Dartmouth SRP Awarded CDC Funds to Determine the Private Well Testing and Treatment Rate in NH
The Community Engagement and Research Translation Cores received a $93,000 sub-award from the NH Department of Environmental Services (DES) to design and conduct surveys of private well water users in the state. DES received a grant in 2013 from the Centers for Disease Control and Prevention to assess and manage risks associated with exposure to arsenic in wells. Mark Borsuk, Ph.D., will lead the project for Dartmouth. Surveys will be conducted in 2014 with the goals of determining the baseline private well water testing and treatment rates and identifying the major factors that limit testing and treatment.

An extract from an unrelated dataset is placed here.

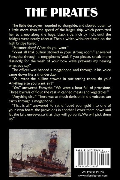 The little destroyer rounded to alongside, and slowed down to a little more than the speed of the larger ship, which permitted her to creep along the huge, black side, inch by inch, until the bridges were nearly abreast. Then a white-whiskered man on the high bridge hailed: "Steamer ahoy! What do you want?" "Want all that bullion stowed in your strong room," answered Forsythe through a megaphone. "Load your gold into one of your own boats, the provisions in another. Lower them down and let the falls unreeve, so that they will go adrift. We will pick them up."

The results will be used to design cost-effective, targeted interventions. Arsenic in private wells is a significant public health issue in New Hampshire," commented NH DES Commissioner Thomas Burack. "DES is very pleased to be working with Dartmouth both to better understand the magnitude of the health impact and to find more effective ways to help well users protect their health."
NIEHS Workshop on Arsenic March 3-4, 2014
Dartmouth SRP researchers, Mary Lou Guerinot, Ph.D. and Carmen Marsit, Ph.D. presented as part of the NIEHS Superfund Research Program workshop Health effects and mitigation of arsenic: current research efforts and future directions" in Research Triangle Park, NC. Dr. Guerinot's talk was entitled, From the Soil to the Seed, Arsenic in Rice, and Dr. Marsit spoke on the developmental effects of arsenic. The workshop was designed to highlight significant new and emerging research on low dose exposure to arsenic in human health.
The National Institute for Environmental Health Sciences and the U.S. Environmental Protection Agency awarded the Children's Environmental Health and Disease Prevention Research Center at Dartmouth a five-year grant to study arsenic. With the expansion of the center, we will have the opportunity to deepen our understanding of environmental exposures to common contaminants such as arsenic during fetal development and childhood and the impact these exposures have on childhood immunity, growth, and neurological development, says Margaret Karagas, director of the center and also an Investigator for the Superfund Research Program. Former Interim President Carol Folt, now Chancellor of the University of North Carolina at Chapel Hill, is associate director of the center and a project co-investigator.
Dartmouth Now Selects C-MERC as one of its Top 12 Stories in 2013
The Dartmouth Now team reviewed the more than 850 stories they published in 2013 and selected 12 of their favorite headlines. Confronting Mercury Contamination in the Environment came in at #2 and highlights the work of Celia Chen, Ph.D. and the Dartmouth Toxic Metals Superfund Program efforts to bring mercury research to inform international mercury policy.